● What is expected
Below are the entries. Print only the lines starting at the one with "Small Glass Transparent" and ending at the one with "Запис історії автомобіля", exactly, with no pictures.

● The records
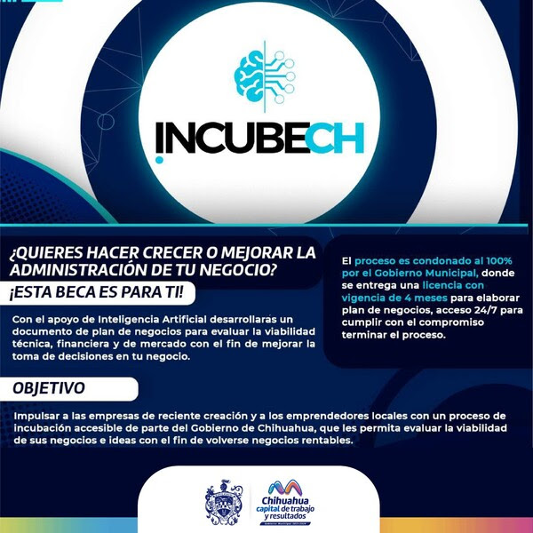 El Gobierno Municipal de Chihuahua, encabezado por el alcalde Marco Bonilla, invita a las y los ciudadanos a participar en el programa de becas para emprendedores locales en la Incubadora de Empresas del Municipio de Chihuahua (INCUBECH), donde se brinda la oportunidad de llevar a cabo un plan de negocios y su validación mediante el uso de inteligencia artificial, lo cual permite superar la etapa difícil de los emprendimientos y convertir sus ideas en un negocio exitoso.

* * *

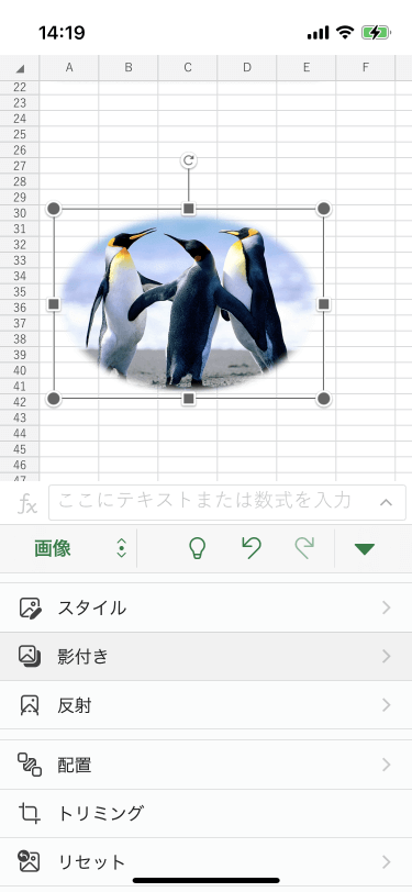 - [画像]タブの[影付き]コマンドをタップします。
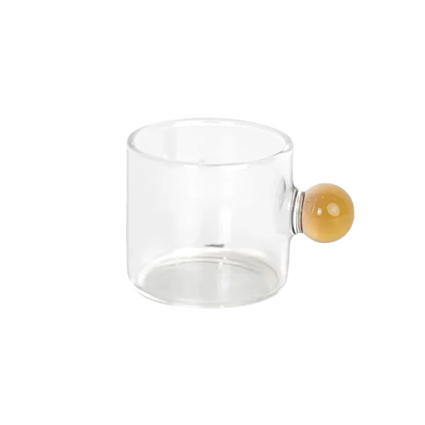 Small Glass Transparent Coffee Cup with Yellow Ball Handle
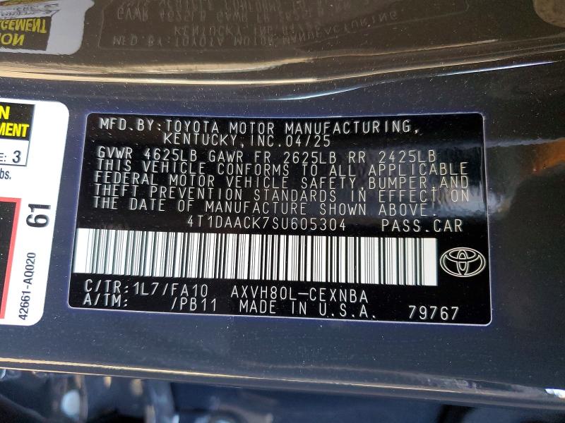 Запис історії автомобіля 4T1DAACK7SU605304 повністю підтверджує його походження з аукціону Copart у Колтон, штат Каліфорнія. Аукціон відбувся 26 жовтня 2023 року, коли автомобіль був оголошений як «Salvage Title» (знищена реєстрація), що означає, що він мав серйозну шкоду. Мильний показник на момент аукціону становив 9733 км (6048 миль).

● Written response
 Small Glass Transparent Coffee Cup with Yellow Ball Handle
 Запис історії автомобіля 4T1DAACK7SU605304 повністю підтверджує його походження з аукціону Copart у Колтон, штат Каліфорнія. Аукціон відбувся 26 жовтня 2023 року, коли автомобіль був оголошений як «Salvage Title» (знищена реєстрація), що означає, що він мав серйозну шкоду. Мильний показник на момент аукціону становив 9733 км (6048 миль).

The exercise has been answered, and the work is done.